Extended Day 3 — Content & Learning Platforms, the final capstone practice day for SQL + DB.
This day focuses on:
Many-to-many relationships
Analytics-style interview queries
Self-referencing tables
“Insight” questions, not just CRUD
If a student completes Extended Days 1–3, they are strongly SQL-ready for SDE-1.

🟢 Extended Day 3 — Content & Learning Platforms (Capstone Practice)

⏱ Time: 3–4 hours 🎯 Focus: Many-to-many + analytics + edge cases

🧠 Learning Objectives (Read First)

By the end of today, the student should be able to:
Design schemas with many-to-many relationships
Use junction tables correctly
Handle analytics queries interviewers love
Model self-referencing relationships
Explain trade-offs clearly
⚠️ Today is less about syntax and more about correct modeling.

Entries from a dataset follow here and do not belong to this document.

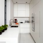 - Linear. An option assuming that appliances and furniture are located along the length of one of the walls. As a rule, this type of headset is chosen in a very small space, when there is not enough space to create a working triangle. In this case, the worktop is placed between the hob and the sink, and it is better that the refrigerator is also as close as possible.
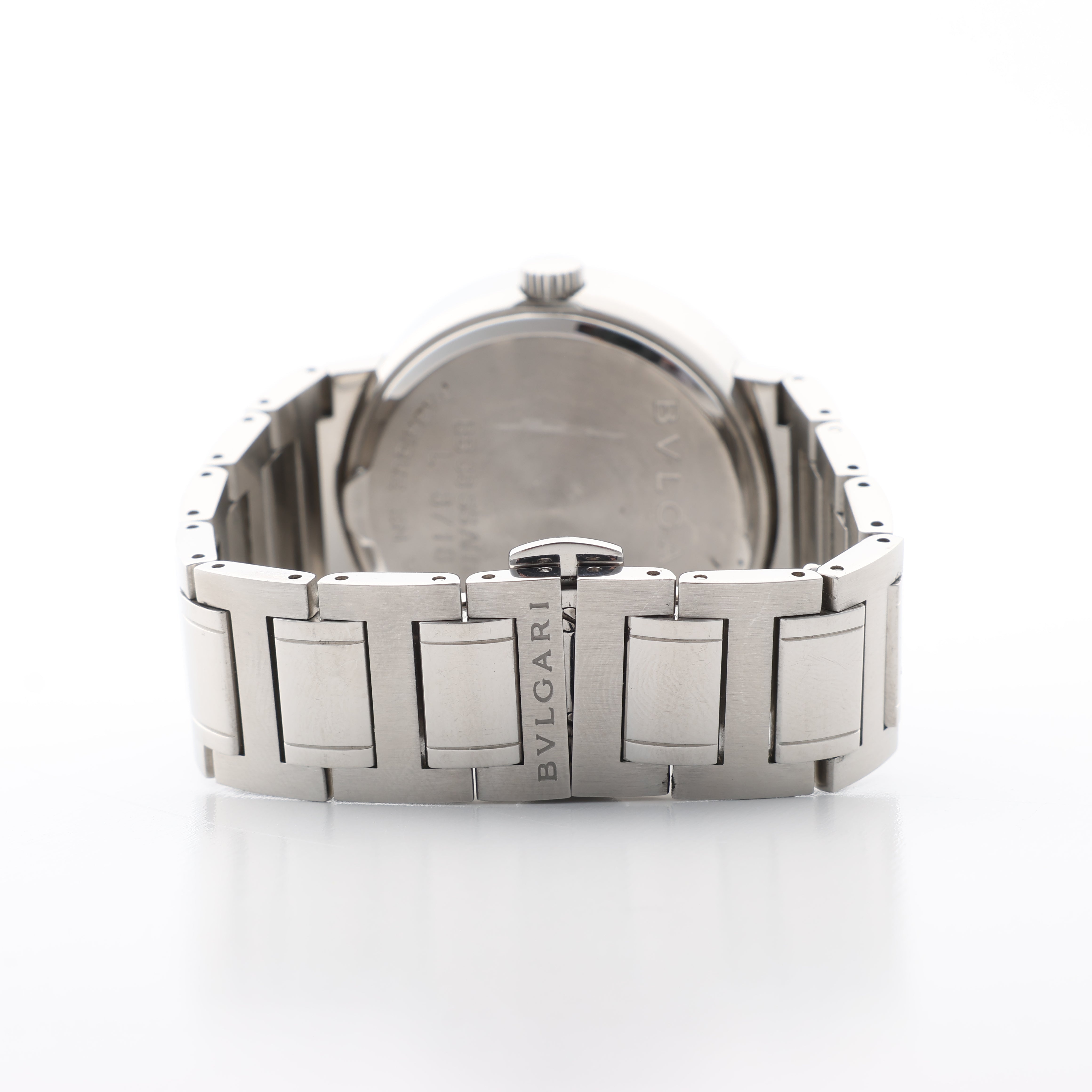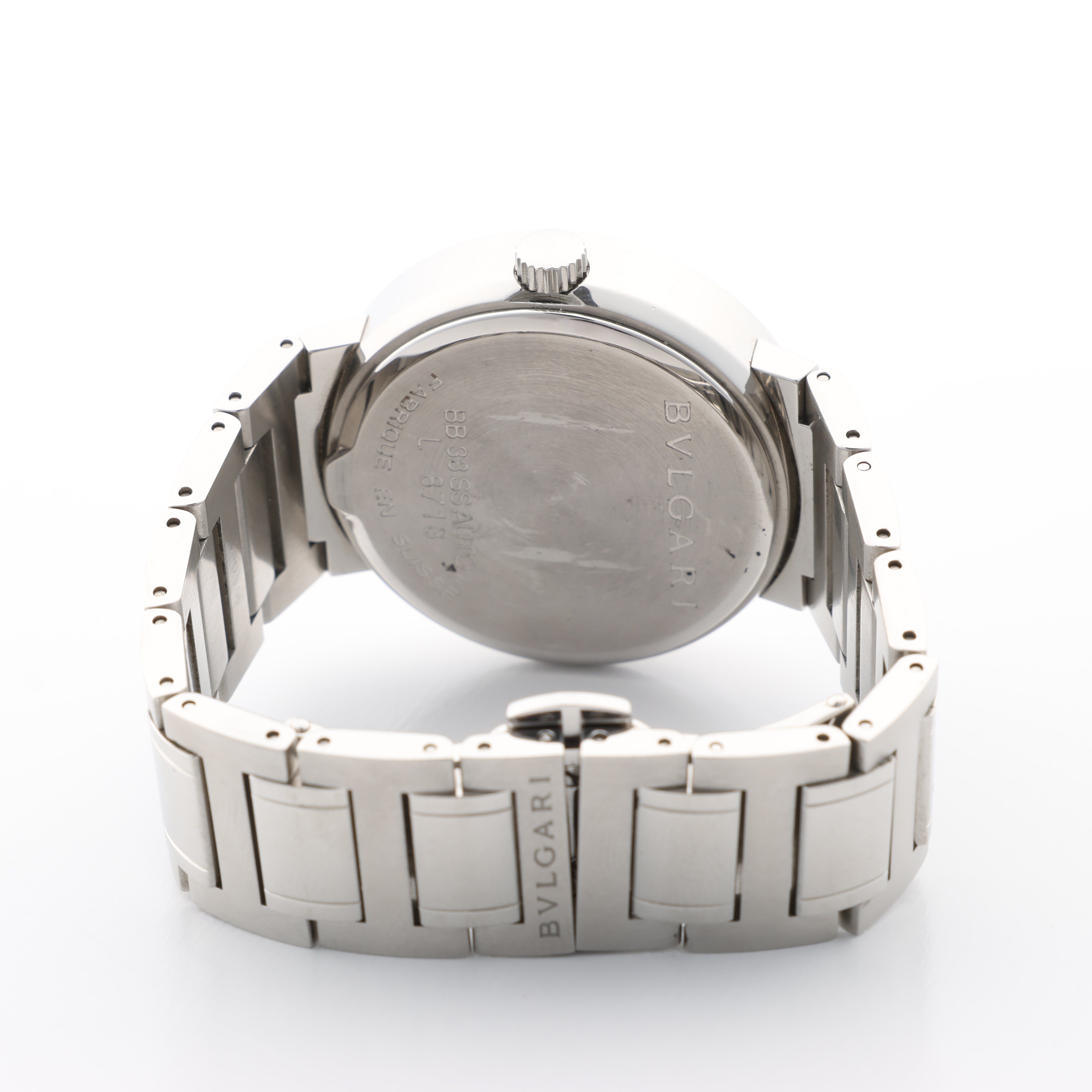 Brand: BvlgariModel: BulgariReference: BB38WSSDCondition: ExcellentCondition Details: In great condition with minor signs of wear as surface scratches on the watch strap and case, see photos for reference. Has just been checked and serviced. Outer pillow included; watch pillow is damaged.Dial Colour: SilverDial Material: Stainless steel Starp Colour: SilverStrap material: Stainless steelMovement: AutomaticClosure: ClaspFace Diameter: 38 mm Approx. circumference: 16 cm + 2 extra linksComes With: Box, Papers, Extra links
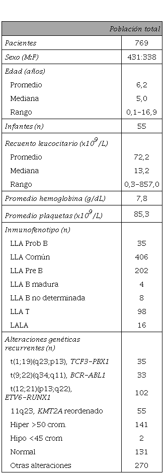 Las características clínicas, de laboratorio, de inmunofenotipo y las alteraciones genéticas de los 769 pacientes estudiados se muestran en la Tabla I.

🧩 Problem 1 — Online Learning Platform (Udemy / Coursera)

📘 Problem Statement

Design a database for an online learning platform where:
Users enroll in courses
Courses contain multiple lessons
Track lesson-level progress per user
Track course completion
Key constraints:
One user → many courses
One course → many users
Progress is tracked per lesson per user

🧠 Step 1 — Think Before SQL

Ask yourself:
Is user ↔ course one-to-many? → ❌ No
Is progress stored in course table? → ❌ No
Does enrollment need its own table? → ✅ Yes

✍️ Step 2 — Identify Entities (Must Do)

Expected entities:
User
Course
Lesson
Enrollment ← junction table
Progress ← critical
❌ Missing Enrollment or Progress = wrong schema.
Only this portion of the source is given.